# Tomcat



## SuperMex (Jan 1, 2007)

My wife loves her Tomcat & she shoots it very often, I have been trying to get her to get something a little bigger like a 380 or a Lady Smith. She uses
all kinds of ammo with no problems. The only thing is that she is tearing her thumbs apart loading her mags. She has to wrap them in Band-Aids. Do they make a speed loader for Tomcats ???


----------



## Shipwreck (Jan 26, 2006)

I've never seen one before. U can try to google "magazine loader" and wade thru the pages and see what ya come up with.

Be aware that if U go to something of a larger caliber.... Many 380s are of blowback design, and will have as much or more recoil than a 9mm. Colt used to make 380s that were locked breech, and didn't use the blowback design. The recoil was not bad at all. If U can find a used one, then maybe look info that. Otherwise, get a 9mm later...

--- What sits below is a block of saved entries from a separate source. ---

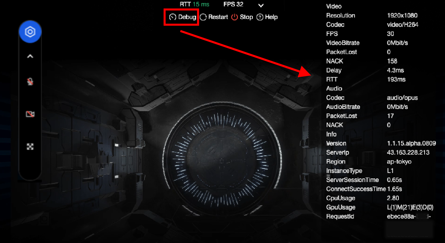 FPS(帧率):正常情况下帧率应保持在30以上。如您发现进入某些特定场景,或进行特定操作时,帧率突然下降,可能是因为此时对 GPU 算力的消耗突然增加,而目前规格的并发带不动,从而导致掉帧,建议您尝试更高规格的并发。
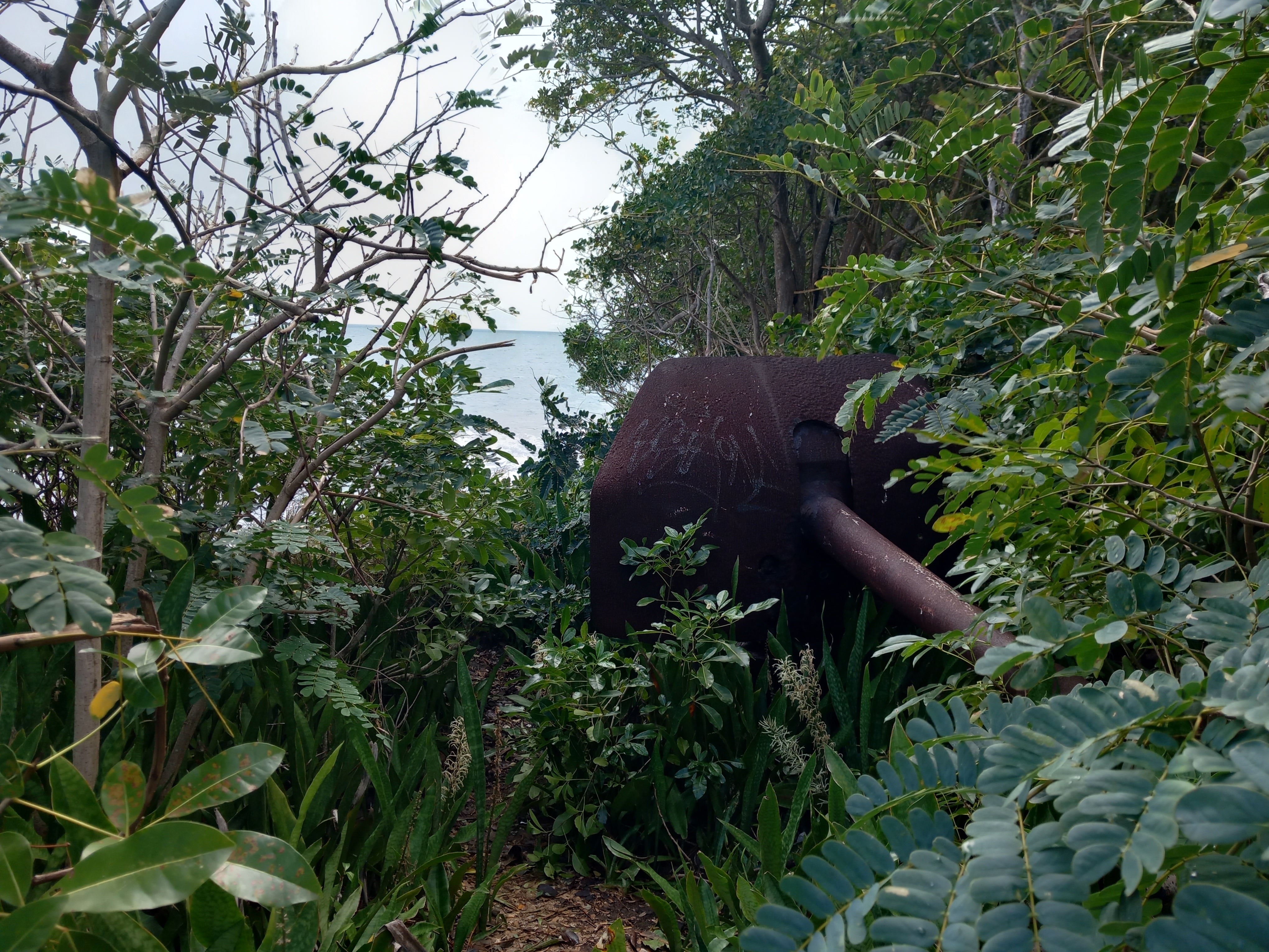 La journée se déroule de manière un peu particulière, puisque le temps est à la pluie tropicale : le parapluie nous accompagne donc toute la matinée dans notre promenade au sein de la station des Trois-Ilets. Nous découvrons la plage, les petites rues du village, mais également un fort masqué par la végétation à la Pointe-du-bout, depuis lequel nous apercevons la rade de Fort-de-France située pile de l’autre côté de la baie. Monsieur ne peut pas s’empêcher d’aller visiter un bunker, et moi de prendre des photos de plantes partout.
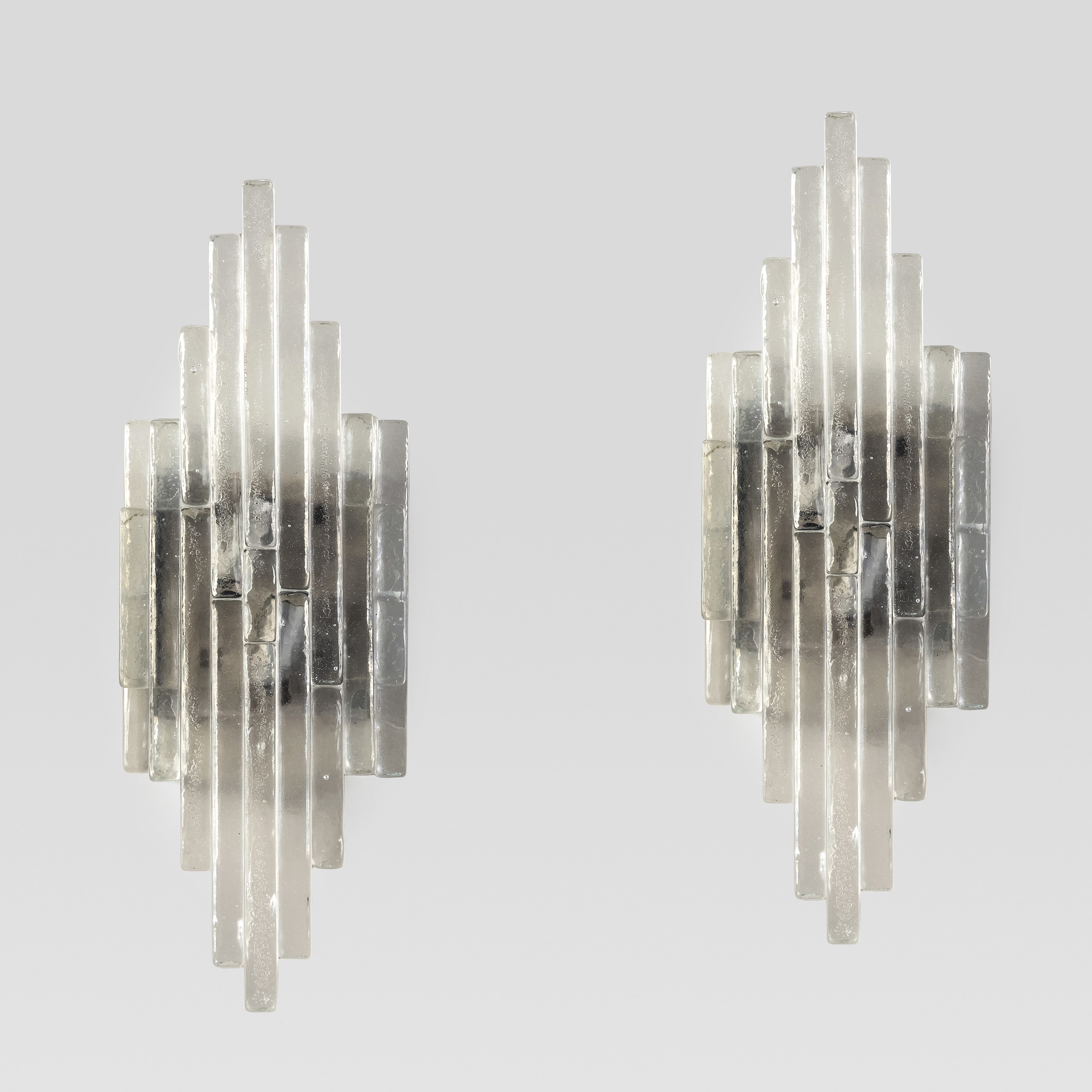 Murano, anni 50-60 coppia di lampade da parete serie Linea in vetro trasparente e acciaio
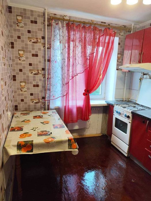 Оренда 1 кімн.квартири; Здається 1-к квартира з меблями, яка ідеально підійде для однієї людини або молодої пари. Цегляний будинок. Кухня обладнана газовою плитою, холодильником та обіднім столом.

I have a little Kelect 32 - but luckily, the mags don't tear up your thumbs. The mags on my HK USP compact will rip ya up if U aren't careful, though...


----------



## SuperMex (Jan 1, 2007)

Thank You Shipwreck,What do you think of the Glock 26 for the Mrs, She likes the way fits her hand, but I rented a Glock 40 at the range, and it kept jamming on me, the dealer said, it was because of my wrist, he called it the weak wrist syndrome, thats why I got the Sig 239 40, have had no problems..


----------



## Shipwreck (Jan 26, 2006)

Its called limp wristing. I had a Glock 26 for 8 years - never had a problem w/ it. I just prefer the P99c now


----------